Category: Literature

Happy 10th Anniversary

Making notes at Troy

This blog is now ten years old. Ten years to the day.

Well, well, well.

Who could’ve imagined “Beautiful Desolation” would still be around? I’ve seen the stats: most blogs sputter out after a year or two, the individual(s) involved eventually losing interest or not finding the time or unable to post regularly enough to keep it up to date and viable.

I can understand that. Over the lifetime of this blog, I’ve written 450+ posts, averaging about one every ten days or so. Which for a full time scribe and stay-at-home dad is a pretty hefty investment of time and energy. Plus, I’ve never posted just for the sake of posting, I’ve always had something to say or share (even if it’s frequently, especially in the early days, invective and bitter, icy fury).

Right from the beginning, “Beautiful Desolation” was a platform, a bully pulpit from where I could hold forth on subjects near and dear to my indie, contrarian heart. My thirty+ years as a professional author provides me with a host of experiences and encounters to draw from, and I must say it gives me considerable pleasure when young writers contact me and tell me how a certain article or mini-essay or rant I’ve posted inspired them or bucked up their courage during a low patch in their life. My entire career, from the get-go, has been all about empowering myself as an artist and not allowing others to tamper with my work, diluting its emotional, aesthetic and spiritual intensity and passion. That was an obsession for me even before I “turned pro” way back in 1985. I have always fiercely defended my work and questioned the effectiveness/competence of editors who take it upon themselves to “improve” my writing, “smooth out” the rough spots, etc.

Epidaurus (amphitheater)

I made it plain from those initial posts that this blog is devoted to the celebration of literary, intelligent, innovative, genre-busting fiction that defies fashion and formula and seeks truly new and unique representations of the world around us. I’m contemptuous of amateurish drivel and people who think insisting on proper grammar and syntax is “old school”. I respect authors who make herculean efforts to write and revise their work, laboring tirelessly, excellence their only goal. I’ve been a full-time author for a long time and struggle each day to find the courage and inspiration to go on. It takes me weeks to polish a story, years to finish a full-length manuscript. So you’ll excuse me if I say that, by those standards, dabblers and weekend scribblers and NanoWriMo wannabes just don’t make the grade, sorry.
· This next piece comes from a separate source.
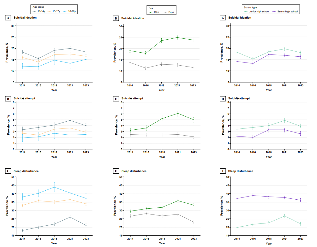 一项在广东开展的青少年健康调查(School-based Chinese Adolescents Health Survey,SCAHS)显示,约有 3% 的中学生曾经自杀未遂。研究人员分析了 5 轮(分别开展于 2014 年,2016 年,2018 年,2021 年,以及 2023 年)SCAHS 数据后得到上述结论。

It’s been interesting to go back to some of those early posts on “Beautiful Desolation”—some of them are very, very angry and confrontational. I’m thinking of my pointed words on contemporary science fiction, Cormac McCarthy’s rather lifeless interview on “Oprah”, the mediocrity that is CanLit and my repeated diatribes against the idiocy that is National Novel Writing Month (“part-time writers unite!”)

The nastier stuff kind of flickered out after the first couple of years, though I’m still capable of delivering withering scorn on command. I’ve said a few things about paranormal romance and shapeshifter-erotic-fiction that had a few people gnashing their teeth and hastily “unsubscribing”.

Ah, well. Some folks are touchy about being sub-literate and dull-witted.

Istanbul market

Recently, this blog has taken on a more overtly political tone, which reflects my growing interest in leftist politics, socialism, Marxism…really, anything that is an alternative to the capitalist juggernaut devouring all the resources on this planet, rendering it unsuitable for a growing number of species (a list that will eventually include, y’know, us).

The election of CEO Trump to head Corporation America, the emergence of the far right around the world, as well as the on-going shenanigans of the neo-liberals and their wealthy sponsors, have alarmed progressives and activists, who view the rising intolerance and racism as part and parcel of a system that disenfranchises and impoverishes the masses, in order to fatten the wallets of the elite.

A concerted effort to unite disparate voices and causes under the banner of freedom, true freedom, must be undertaken or we are headed down a long, dark, scary road. I hesitate to predict what our society will look like when we reach the end of that particular journey. My imagination quails at the notion, quite frankly.

But, as I’ve come to realize, one can’t always dwell on these gloom and doom scenarios; for the sake of balance (and sanity), you have to be able to conceive of a better, healthier, more equitable world, a chance at a brighter tomorrow. And so I’ve sought out individuals and organizations, voices that offer entirely different perspectives on where the human adventure might lead us, given the right kind of moral and spiritual leadership. I’ve been fortunate enough to discover people like David Harvey and Terry Eagleton and Slavoj Zizek; Paul Mason, Naomi Klein and Tariq Ali. The LEAP Manifesto and the existence of good, ideologically committed leaders like Jeremy Corbyn and Bernie Sanders offer at least the hope for change, the introduction of real ideas into a partisan, over-heated discourse.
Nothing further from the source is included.